I wouldn’t do it. “Some” boosting isn’t going to do much, since the drop-off is severe and deep. Go ahead and get some readings in those corners – I’m betting that will improve your extension considerably – for “free,” with no boosting required.

Re the BFD’s low meter reading, can you increase the sub output from your receiver? It would be good if you could get it up some more.

Regards,
Wayne


----------



## Conrad. (Oct 30, 2006)

My subs are on +3.5 and the LFE setting is at 0 on a -10 to 0 range. I could crank it up a bit but, previously, It'd just mean turning down the gain on the subs themselves (at about 1 o'clock). Once I've got the BFD in the chain though I guess I'll be cutting frequencies and that are domainating or, probably, overpowering that nice, clean, defined bass.

Actually, hang on, I'm not sure if I know what I'm talking about! I'm putting the BFD into the HT chain, not the music chain. The HT chain is already decoded by the HTPC by the time it reaches the pre-ins. I can drop the volume of the other channels and increase the sub channel though, that'll just mean I need to turn the reciever up. It's odd, my reciever which has multi-channel ins and pre-outs is still able to affect the volume when it's, apparently, performing pass-through. But that's something for another day.

The short answer is that all channels are running at the same volumes from the soundcard.


----------



## Conrad. (Oct 30, 2006)

Ok, some serious improvements have been made!

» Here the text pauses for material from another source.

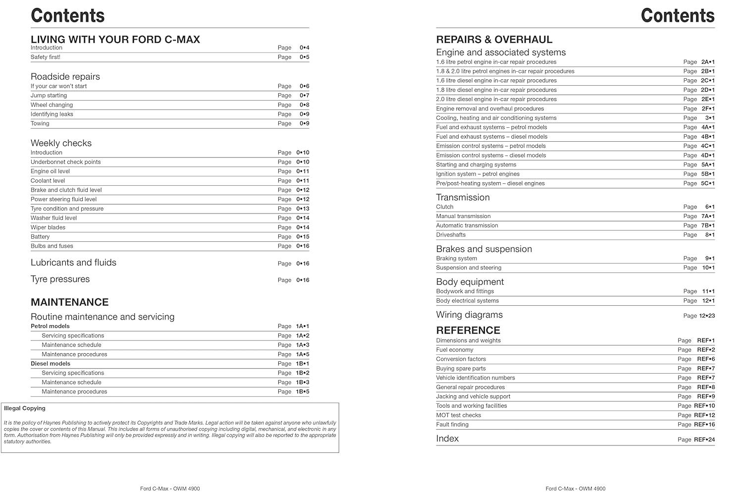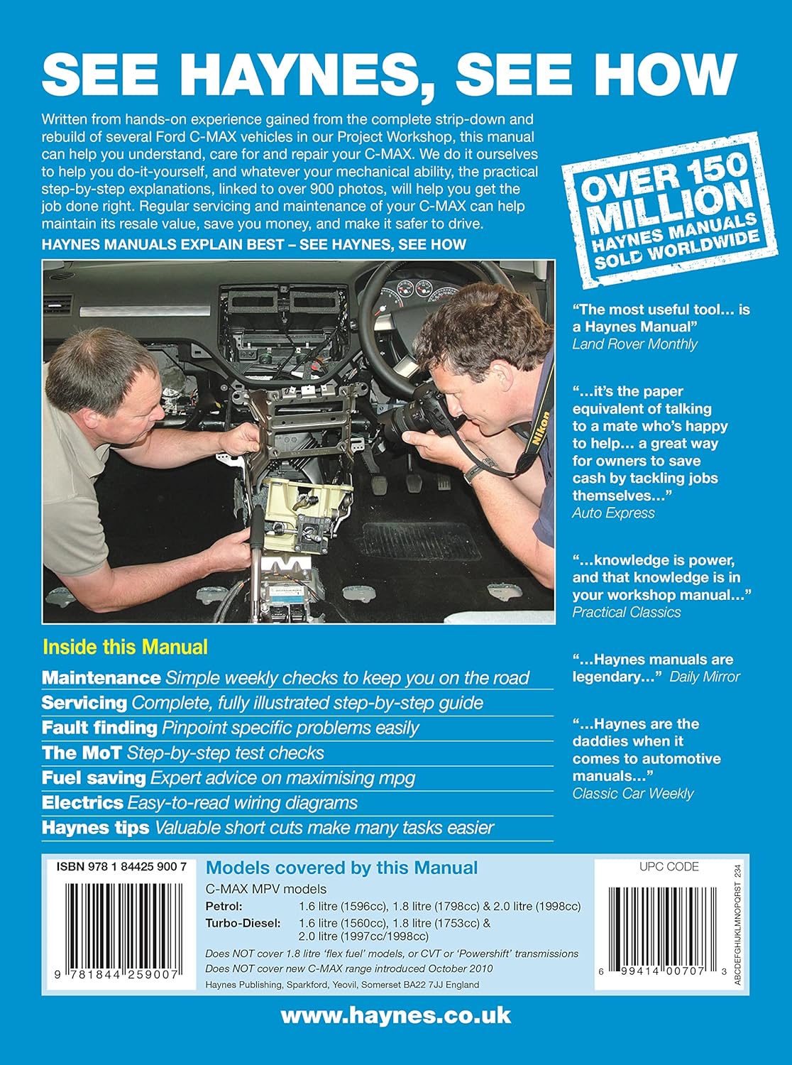 Manual Tecnico Editado pela Haynes para os modelos C Max a gasolina de 1.6 (1596cc), 1.8 (1798cc) & 2.0 (1998cc) e motores a Diesel de 1.6 (1560cc), 1.8 (1753cc) & 2.0 (1998cc)

I started by turning sub2 (the one in the bay) off. This made an immediate improvement to the frequency response. That ~45Hz mountain almost disappeared. I tried one sub in various positions including the corners Wayne suggested and, surprisingly, the smoothest frequency response came from the position it was in originally.

I then decided to be a bit bold and hooked up the second sub, trying them together in different locations, co-locating and taking many measurements. The best I could get was with sub1 where it was and sub2 now sitting in the corner next to it. This produces a graph that looks like the uncorrected attached.

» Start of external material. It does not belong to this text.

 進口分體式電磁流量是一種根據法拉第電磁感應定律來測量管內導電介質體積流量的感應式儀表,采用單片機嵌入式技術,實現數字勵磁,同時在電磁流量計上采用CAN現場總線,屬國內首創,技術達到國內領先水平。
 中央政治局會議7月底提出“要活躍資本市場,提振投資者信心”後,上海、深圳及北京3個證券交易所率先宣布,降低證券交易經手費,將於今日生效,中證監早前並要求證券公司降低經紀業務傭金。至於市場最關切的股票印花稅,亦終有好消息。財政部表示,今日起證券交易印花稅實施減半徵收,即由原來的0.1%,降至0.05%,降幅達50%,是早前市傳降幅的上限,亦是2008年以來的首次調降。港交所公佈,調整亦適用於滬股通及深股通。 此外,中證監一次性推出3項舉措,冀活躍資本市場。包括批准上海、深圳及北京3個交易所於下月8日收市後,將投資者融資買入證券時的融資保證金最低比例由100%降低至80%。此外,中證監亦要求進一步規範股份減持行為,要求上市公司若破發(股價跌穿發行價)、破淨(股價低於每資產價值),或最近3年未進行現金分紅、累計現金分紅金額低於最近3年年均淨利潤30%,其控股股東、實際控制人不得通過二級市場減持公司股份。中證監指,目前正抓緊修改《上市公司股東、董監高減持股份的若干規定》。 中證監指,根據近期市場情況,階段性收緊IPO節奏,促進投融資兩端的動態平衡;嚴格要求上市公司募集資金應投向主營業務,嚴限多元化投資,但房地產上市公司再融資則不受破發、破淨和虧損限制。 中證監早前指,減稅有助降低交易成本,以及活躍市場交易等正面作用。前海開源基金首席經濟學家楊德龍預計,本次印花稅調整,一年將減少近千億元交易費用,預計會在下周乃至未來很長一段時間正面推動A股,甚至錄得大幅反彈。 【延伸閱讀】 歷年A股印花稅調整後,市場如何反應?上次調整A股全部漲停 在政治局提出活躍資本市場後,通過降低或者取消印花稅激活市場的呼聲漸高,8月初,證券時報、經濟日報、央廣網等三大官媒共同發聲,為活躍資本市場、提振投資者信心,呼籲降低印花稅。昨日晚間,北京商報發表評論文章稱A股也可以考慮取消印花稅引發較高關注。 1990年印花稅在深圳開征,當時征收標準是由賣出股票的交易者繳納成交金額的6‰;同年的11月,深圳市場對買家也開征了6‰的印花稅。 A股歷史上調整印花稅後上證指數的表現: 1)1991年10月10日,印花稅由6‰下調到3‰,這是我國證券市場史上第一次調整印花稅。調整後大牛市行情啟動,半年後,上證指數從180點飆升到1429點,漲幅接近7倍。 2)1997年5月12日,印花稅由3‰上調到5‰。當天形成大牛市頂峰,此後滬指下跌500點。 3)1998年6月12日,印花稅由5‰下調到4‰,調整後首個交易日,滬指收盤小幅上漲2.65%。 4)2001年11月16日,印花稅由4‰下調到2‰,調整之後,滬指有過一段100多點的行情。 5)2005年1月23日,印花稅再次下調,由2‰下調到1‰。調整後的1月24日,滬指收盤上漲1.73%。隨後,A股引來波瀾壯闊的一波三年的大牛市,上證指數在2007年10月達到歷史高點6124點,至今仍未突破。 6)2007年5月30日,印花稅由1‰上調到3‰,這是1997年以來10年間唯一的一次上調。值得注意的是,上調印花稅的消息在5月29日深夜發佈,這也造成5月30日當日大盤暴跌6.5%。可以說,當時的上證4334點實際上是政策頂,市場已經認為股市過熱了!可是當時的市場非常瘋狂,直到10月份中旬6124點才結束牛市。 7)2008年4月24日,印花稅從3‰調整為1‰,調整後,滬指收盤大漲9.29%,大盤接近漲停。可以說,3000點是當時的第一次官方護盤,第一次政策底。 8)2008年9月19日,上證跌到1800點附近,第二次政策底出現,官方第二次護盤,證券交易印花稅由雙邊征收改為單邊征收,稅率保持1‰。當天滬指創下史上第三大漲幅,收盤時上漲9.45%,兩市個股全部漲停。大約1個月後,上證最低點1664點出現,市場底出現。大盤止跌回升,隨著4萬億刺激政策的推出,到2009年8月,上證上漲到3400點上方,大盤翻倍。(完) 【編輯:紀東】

I think I should probably have gone through some recalibration at this stage as it's clearly running a bit hot. Instead I upped my target within REW and added some filters. I've managed to generate the attached corrected file which, I think, should sound pretty good.

Full range sweeps to ensure good integration are a bit beyond me at the moment. I ran a couple but couldn't decipher them so I'll use my ears for the moment. We're currently watching the LOTR trilogy; we did FOTR last night, it's Two Towers tonight and then ROTK on Saturday. That should give us a nice comparison.

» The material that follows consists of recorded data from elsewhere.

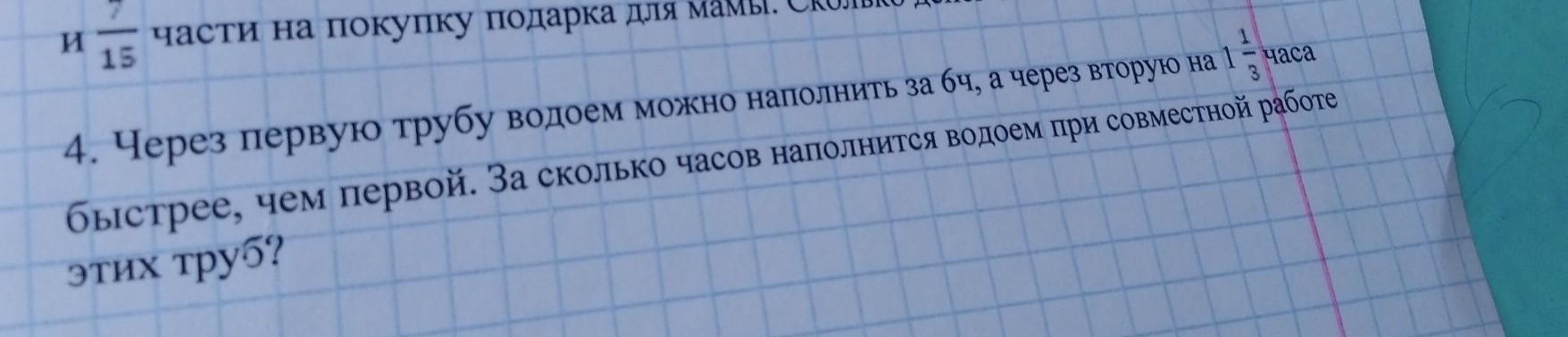 По условию, через первую трубу водоем можно наполнить за 6 часов, а через вторую на 1 1/3 часа быстрее, чем первой.
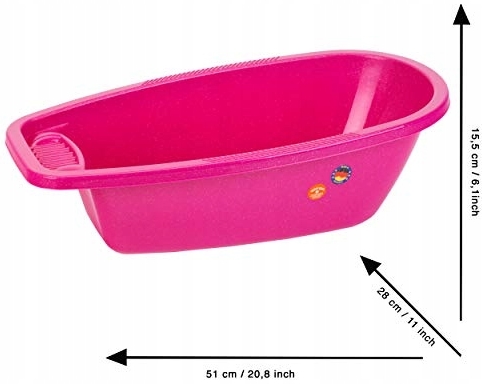 Ez a nagy méretű babafürdető kád egy praktikus és egyszerű kialakítású megoldás a mindennapi fürdetéshez, amely stabil és kényelmes használatot biztosít újszülöttek és kisbabák számára. A letisztult, kiegészítők nélküli forma könnyű tisztítást és gyors használatot tesz lehetővé, miközben elegendő helyet biztosít a baba biztonságos fürdetéséhez. Méret: 51 x 28 x 15,5 cm, amely kompakt, mégis kényelmes fürdetést biztosít kisebb helyeken is. Anyag: strapabíró műanyag, amely ellenáll a víznek és a mindennapi használatnak, könnyű és könnyen mozgatható. Korosztály: újszülött kortól ajánlott, ideális csecsemők és kisbabák számára mindennapi használatra.
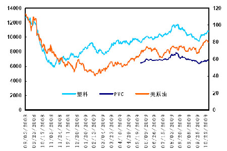 圖為PVC、塑料及原油價格走勢分布圖。(圖片來源:北京中期)
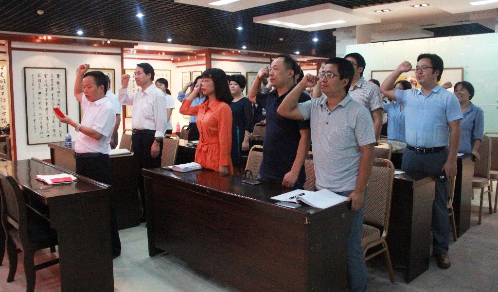 会前,全体党员重温入党誓词,面对鲜红的党旗,高举右手,庄严宣誓,再次接受心灵的洗礼。
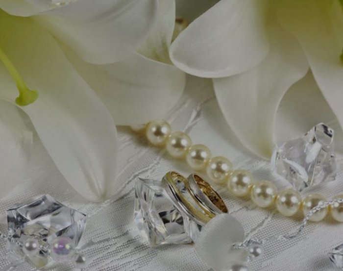 белыми цветамиразделе.первую брачную ночь жемчужные бусы, Нежная открытка с
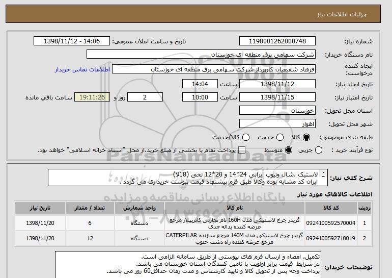 نام دستگاه خریدار:شرکت سهامی برق منطقه ای خوزستان
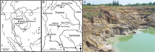 在泰国那空叻差是玛省的塔昌地区,此前在几个采砂坑中发现过哺乳动物化石。该地区位于曼谷东北220公里的呵叻高原上,砂坑分布于孟河岸边,其沉积物由未固结的泥岩、砂岩和砾岩组成。化石主要由采砂坑的工作人员收集,并提供给那空叻差是玛皇家大学等机构,也有由古生物学家进行科学发掘取得的材料。在这些化石中,2004年报道了人科的呵叻古猿,使塔昌化石地点引起广泛关注,但化石层位的年代很难精确判断。
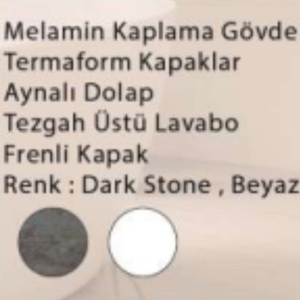 Melamin gövde, Termaform Dark Stone kapaklar, frenli kapak sistemi ve tezgâh üstü lavabo ile hem uzun ömürlü hem şık bir kullanım sunar. Aynalı dolap ekstra depolama sağlayarak takımı tamamlar.
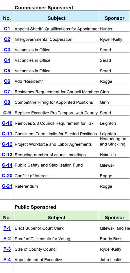 So, I will continue to do the work the County cannot seem to accomplish. Even if they do catch up, I will probably continue to chart them all like this. This platform does not support tables so below is just an image. Click HERE or on the image to go to the table with functioning hyperlinks so you can go to each Amendment page.
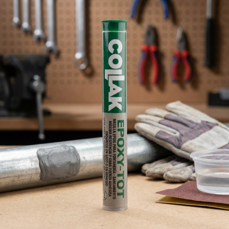 Mastic époxy bi-composant à prise ultra-rapide (environ 3 minutes). Résistance maximale et forte adhérence. Durcit à sec ou humide. Convient au contact avec l'eau potable. Facile à mélanger et à appliquer à la main. Pour les réparations d'urgence ou permanentes de tuyaux en métal ou PVC, de réservoirs d'eau, de fuites au niveau des raccords, vannes et pièces de connexion. Convient également pour la réparation de carrelage, céramique, briques, etc. Pour la fixation de boulons, vis, clous, tiges, etc. Non recommandé pour une utilisation sur polyéthylène ou polypropylène. Les surfaces à réparer doivent être exemptes de poussière, d'huile ou de graisse. Prélevez la quantité de mastic souhaitée et malaxez-la entre vos doigts jusqu'à obtenir une couleur grise uniforme. Appliquez le mastic sur la zone à réparer dans les deux minutes suivant le mélange. Pressez le mastic dans les fissures, rainures ou trous à colmater. Pour une meilleure adhérence, et si possible, il est recommandé de poncer la surface à réparer au préalable. Pour une finition uniforme, frottez avec un chiffon humide ou les doigts humidifiés. La pâte a une texture légèrement collante, mais elle ne doit pas adhérer excessivement aux doigts. Pour minimiser l'adhérence, il est recommandé de se saupoudrer les mains de talc ou d'une poudre similaire avant de la malaxer. Retirez tout excédent de pâte avant qu'elle ne durcisse. Nettoyez avec un solvant. Une fois durcie, la pâte forme une liaison extrêmement forte et ne peut être retirée que mécaniquement.
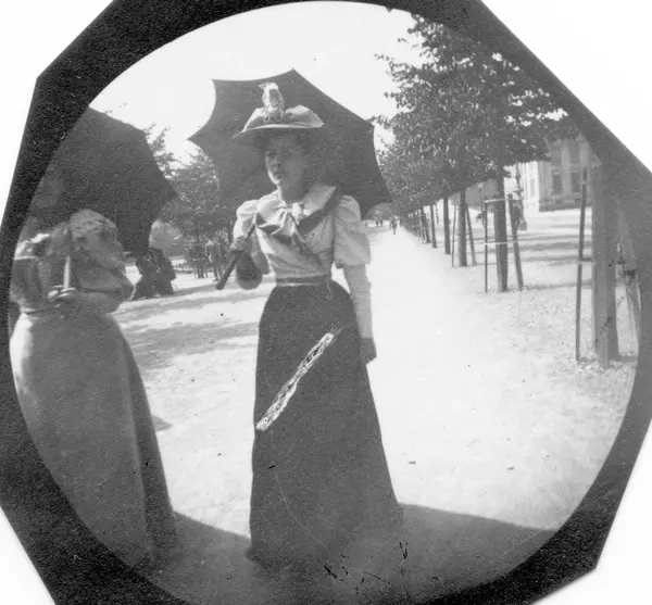 Frk. Krohn fra Bergen og en annen kvinne spaserer i Studenterlunden. Oslo, Universitetet skimtes.
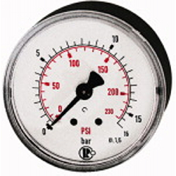 Standardmano., Kunststoffgeh., Doppelskala bar/psi, Anschluss hinten zentr., G 1/4, Gütekl. 1,6, Messber. 0 - 4,0 bar/58 psi, Ø 63. Rohrfedermanometer in Standardausführung.
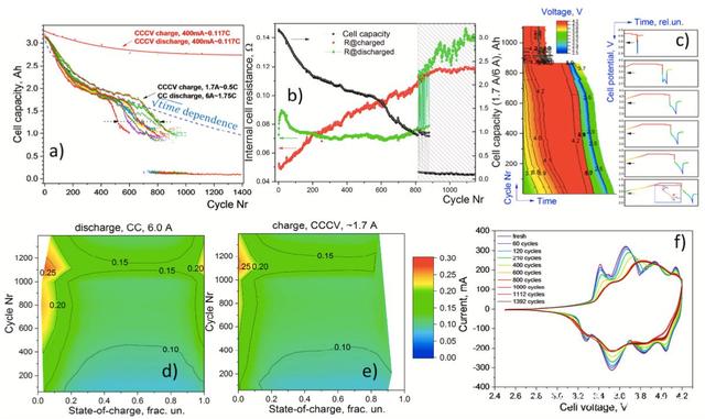 作者利用在放電開始和結(jié)束時電流變化對電池電壓造成的變化計算了電池在0%SoC和100%SOC下的電池內(nèi)阻,下圖b為電池在0%和100%SoC狀態(tài)下的內(nèi)阻隨循環(huán)次數(shù)的變化曲線,我們可以注意到滿電態(tài)的電池的內(nèi)阻在810-850次時快速增加,這主要是因為電池這時極化非常大,在放電的初期電池電壓就從4.2V下降到了2.5V。

Any comments or further suggestions? I'm going to play some of the scenes a couple of times tonight, with and without the BFD in place to see if it makes a noticable difference.


----------



## brucek (Apr 11, 2006)

> Any comments or further suggestions


You done a lot of aggressive cutting and have left quite a hump at ~150Hz. You need to back off on that cutting to keep a smooth drop. You need to add your mains and see what that 150Hz area looks like. Remember the mains will be overwhelming that area in their addition and you may have a noticeable peak.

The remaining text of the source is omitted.